Eleni is currently adjusting to Canada and said it's “a totally different world.”

Stand with Ukraine volunteers hold a barbeque in Waterfront Park Saturday, April 16.
Stand with Ukraine volunteers hold a barbeque in Waterfront Park Saturday, April 16.

Kelowna Stands with Ukraine, a volunteer group that started from Facebook, has been supplying military equipment and medical supplies to Ukraine since the beginning of the war. It's now one of many volunteer groups that have offered to help refugees. The barbeque was a way to support the refugees and to thank volunteers, said organizer Denys Storozhuk. A rally was also held in support of Ukraine Saturday afternoon and another larger event is planned in May.

Kelowna resident Nina Typusiak is hosting a refugee family who arrived last week in her home. The family of three, a mother and two children, are her distant relatives, she said.

“I was listening to my heart and when my nephew contacted me on Facebook and said ‘please will you help save my family,’ I couldn’t say no,” she said. “It was a six-week process of my family getting them here. When they fled Ukraine they didn’t have any documents.”

The mother has a work permit and the children will be attending school but they don’t have any government support, she said.

READ MORE: A girl and her hamster: Half of Ukraine's children flee war

“My husband and I are hard workers but… it will bring us to a point of financial distress as well so we’re not in a position that they’ll be holding them for the three years that they have a visa,” she said.

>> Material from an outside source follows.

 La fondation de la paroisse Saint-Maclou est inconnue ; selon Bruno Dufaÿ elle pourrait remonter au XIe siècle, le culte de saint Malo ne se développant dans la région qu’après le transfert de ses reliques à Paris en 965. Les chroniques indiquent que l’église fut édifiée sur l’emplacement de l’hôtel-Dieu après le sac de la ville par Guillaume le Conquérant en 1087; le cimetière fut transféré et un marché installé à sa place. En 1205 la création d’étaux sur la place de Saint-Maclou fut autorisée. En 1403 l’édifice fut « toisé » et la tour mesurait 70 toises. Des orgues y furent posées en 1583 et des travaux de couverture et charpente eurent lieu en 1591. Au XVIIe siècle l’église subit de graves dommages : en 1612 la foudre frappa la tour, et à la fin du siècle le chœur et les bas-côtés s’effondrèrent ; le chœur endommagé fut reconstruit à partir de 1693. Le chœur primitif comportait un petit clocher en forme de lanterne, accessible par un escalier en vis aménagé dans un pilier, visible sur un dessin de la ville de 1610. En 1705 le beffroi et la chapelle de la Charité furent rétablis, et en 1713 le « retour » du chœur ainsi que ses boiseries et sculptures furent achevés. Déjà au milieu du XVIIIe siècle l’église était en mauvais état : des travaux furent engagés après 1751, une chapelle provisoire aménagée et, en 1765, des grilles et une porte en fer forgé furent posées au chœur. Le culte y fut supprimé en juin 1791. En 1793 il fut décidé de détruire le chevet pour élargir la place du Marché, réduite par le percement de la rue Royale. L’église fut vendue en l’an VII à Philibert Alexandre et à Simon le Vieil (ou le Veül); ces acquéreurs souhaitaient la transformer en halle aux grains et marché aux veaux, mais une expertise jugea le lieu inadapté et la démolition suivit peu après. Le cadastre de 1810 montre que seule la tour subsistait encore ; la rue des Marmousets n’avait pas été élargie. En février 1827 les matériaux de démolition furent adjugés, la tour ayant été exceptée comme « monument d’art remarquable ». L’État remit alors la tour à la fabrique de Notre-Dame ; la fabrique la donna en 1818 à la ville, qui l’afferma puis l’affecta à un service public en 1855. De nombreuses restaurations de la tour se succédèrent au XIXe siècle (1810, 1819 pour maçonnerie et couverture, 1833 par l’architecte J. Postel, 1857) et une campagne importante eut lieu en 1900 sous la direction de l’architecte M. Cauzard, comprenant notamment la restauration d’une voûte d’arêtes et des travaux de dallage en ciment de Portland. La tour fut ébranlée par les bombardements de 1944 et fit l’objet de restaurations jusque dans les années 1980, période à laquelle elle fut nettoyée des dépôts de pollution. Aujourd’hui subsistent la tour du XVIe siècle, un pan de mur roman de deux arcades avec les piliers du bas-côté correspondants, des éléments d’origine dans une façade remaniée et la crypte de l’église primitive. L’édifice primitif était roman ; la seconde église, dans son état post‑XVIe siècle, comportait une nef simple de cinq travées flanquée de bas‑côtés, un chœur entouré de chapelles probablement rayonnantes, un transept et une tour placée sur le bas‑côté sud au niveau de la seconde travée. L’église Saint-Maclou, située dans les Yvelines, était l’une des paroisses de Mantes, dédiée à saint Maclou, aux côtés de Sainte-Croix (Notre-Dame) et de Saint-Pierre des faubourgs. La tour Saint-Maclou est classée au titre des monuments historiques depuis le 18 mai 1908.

The family is staying in a bedroom in Typusiak’s townhouse but were staying in Prague beforehand with 12 other people to one room, so the situation is better here, she said.

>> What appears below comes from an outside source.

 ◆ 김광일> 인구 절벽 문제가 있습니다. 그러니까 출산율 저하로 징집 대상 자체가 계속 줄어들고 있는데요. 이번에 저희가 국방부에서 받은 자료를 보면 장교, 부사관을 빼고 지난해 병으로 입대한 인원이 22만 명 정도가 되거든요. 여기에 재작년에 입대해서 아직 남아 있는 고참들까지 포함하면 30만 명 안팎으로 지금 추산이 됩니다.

The volunteer organizations in Kelowna have been incredibly helpful with donations of gas, food and clothing, she said.

A Kelowna woman who owns a job placement agency is also helping Ukrainian refugees settle in the city.

Tanja Krcmar has been helping them through her job placement agency JobOp Employment and has already helped a family of three find a home in Kelowna. She’s also helping the Ukrainian woman find a job when she’s ready.

“With my business, I have housing available for people that I bring from out of town because it’s really hard to find workers in town… so I have a couple of apartments,” Krcmar said, adding it’s been difficult to find workers from out of town so she thought she’d offer the housing to Ukrainian families.

She has one-bedrooms available, furnished or unfurnished, for $600 a month, across from Gyro Beach for those ages 12 and older. Four bedrooms are also available in her house, although she noted the refugees may want their own space. She has also been helping connect the refugees with available housing in the city, she said.

Her late husband was Ukrainian so she wanted to help out, she said. Housekeeping and construction positions are also available through her company, Krcmar said.

“If I can help anybody else, I’m totally able to,” she said.